In Y3 and Y4 (1st NCE), we sought to examine the relationship between LM29173 load/prevalence and gene transcription since mesocosm based studies performed in Y2 indicated that CRESS-DNA virus presence does not significantly alter the behavior of the amphipod, nor the impact of the amphipod on co-occurring bacterial metabolism. Therefore, results indicated that these pervasive CRESS-DNA viruses may have a subtle effect on co-occurring metazoans. In order to investigate these effects, we performed comparative transcriptomics on individual amphipods to identify genes and gene pathways that are differentially expressed in the presence of CRESS-DNA viral genotype, LM29173 in the Great Lakes. These efforts identified 2,208 significantly differentially expressed transcripts in amphipods with relative high average LM29173 load. The greatest proportion of annotated, differentially expressed genes were associated with functions including: (1) replication, recombination and repair, (2) cell wall/membrane/envelope biogenesis, and (3) post-translational modification, protein turnover, and chaperones. Transcriptome analysis and quantification (RT-qPCR) of three transcripts (nonmuscular myosin heavy chain, β-actin, ubiquitin-conjugating enzyme E2) indicated that Lake Michigan and Lake Superior amphipods with high LM29173 load exhibit opposite trends in gene expression. Contigs associated with innate immunity displayed no consistent pattern of expression, though several transcripts were significantly overexpressed in amphipods with high viral load. Further qPCR analyses of a structural (b-actin) and constituitively expressed gene (ubiquitin) genes confirmed that LM29173 prevalence/load was directly tied to host haplotype.

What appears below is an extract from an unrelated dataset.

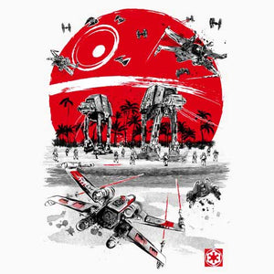 La bataille de Scarif reste un moment inoubliable du film Rogue One. Théâtre de la mission commando de Jyn Erso et des rebelles pour voler les plans de l’S de la Mort, la planète aux plages paradisiaques ne pouvait pas trouver meilleur hommage que ce tee-shirt dantesque et fourmillant de détails. Un superbe tee-shirt Star Wars !

A fundamental limitation of pre-existing descriptions of invertebrate-associated CRESS-DNA viruses was an absence of explicit evidence that these viruses directly infected metazoan tissues, as opposed to co-occurring prokaryotic symbionts/parasites. Therefore, to strengthen the validity of pending publications, this research was supplemented by localizing LM29173 within Diporeia tissues using a single oligonucleotide-sensitive variant of fluorescent in-situ hybridization (CARD-FISH) in Y4. This analysis demonstrates that Diporeia likely harbor viral ssDNA in hepatopancreatic and cephalothoracic muscular tissue, providing initial targets to further explore CRESS-DNA virus tropism in crustaceans. Additionally, this assessment may provide a mechanism to investigate tissue-specific impacts of CRESS-DNA virus infection on crustacean physiology.

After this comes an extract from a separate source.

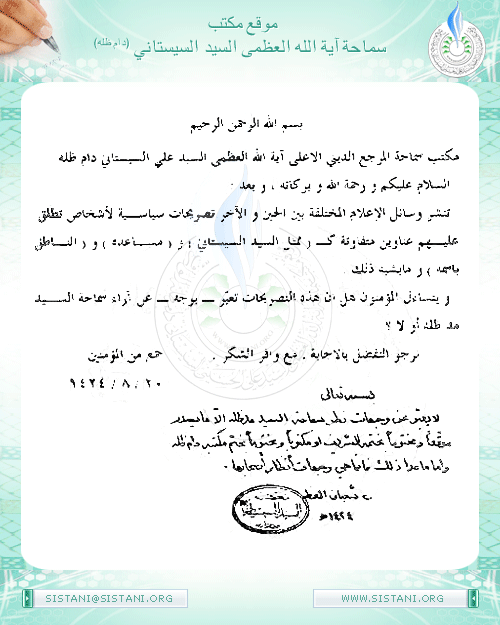 مكتب سماحة المرجع الديني الأعلى آية الله العظمى السيد علي السيستاني دام ظله السلام عليكم ورحمة الله وبركاته ، وبعد :

Finally, in light of haplotype-specificity of LM29173, we examined the phylogeny and biogeography of CRESS-DNA viruses in microcrustacea generally by targeted study of prevalence/load in geographically-and habitat-distinct samples in Y5 (2nd NCE). We examined the host specificity, transience, and phylogeography of a CRESS-DNA virus in a microcrustacean (Idotea spp.), allowing approximate generalization of findings concerning CRESS-DNA virus ecology in distinctly different (limnic vs. coastal marine) ecosystems. The targeted viral genotype was also remarkable as it exhibited sequence homology and genomic features similar to both ssRNA and ssDNA viral taxa, and was therefore classified a member of the newly described Cruciviridae family. This investigation aided in resolving the phylogenetic position of the Cruciviridae and offered insight into the biogeography, specificity, and potential host of a “chimeric” viral genome.

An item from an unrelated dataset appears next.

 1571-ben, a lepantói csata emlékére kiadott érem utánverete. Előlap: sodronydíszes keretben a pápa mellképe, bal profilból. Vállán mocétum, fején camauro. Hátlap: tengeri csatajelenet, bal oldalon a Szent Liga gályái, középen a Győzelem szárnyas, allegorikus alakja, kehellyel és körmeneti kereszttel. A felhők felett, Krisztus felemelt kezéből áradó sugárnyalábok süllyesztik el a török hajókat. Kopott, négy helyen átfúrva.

In addition, DNA viral assemblages associated with 31 microcrustacean populations from disparate aquatic habitats were sequenced to compare viral phylogeography on a multi-ecosystem scale, enabling identification of 215 unique circular replication-protein encoding ssDNA (CRESS-DNA) viral genotypes. Due to rapid evolution and non-conserved genomic architecture, taxonomic demarcation and ecological inferences pertaining to these novel CRESS-DNA viruses pose particular challenges. We applied non-alignment based methods to compare viral genomes, indicating that microcrustacean-associated viruses share common oligomer signatures with other invertebrate-associated ssDNA viruses. This provided taxonomic delineation and the potential for host-virus pairing. Likewise, this analysis of genomic content indicated that microcrustacean-associated CRESS-DNA viruses exhibit limited codon repertoires and significantly bias towards greater %GC content. We determined that overall measures of genomic content correlate with biogeographic and host-specific parameters, perhaps suggesting host- and habitat-driven selection. Structural open reading frames (ORFs) contained the majority of genomic variants (relative to conserved nonstructural, replication-associated ORFs), indicating that selective pressures likely permit greater variation in intergenic or capsid-encoding regions. Furthermore, discovery of endogenized viral elements within crustacean genomes revealed a paleovirological record of arthropod infection by CRESS-DNA viruses and specific conservation of the nonstructural replication-associated gene (rep), facilitating our understanding of microcrustacean-virus interactions over time.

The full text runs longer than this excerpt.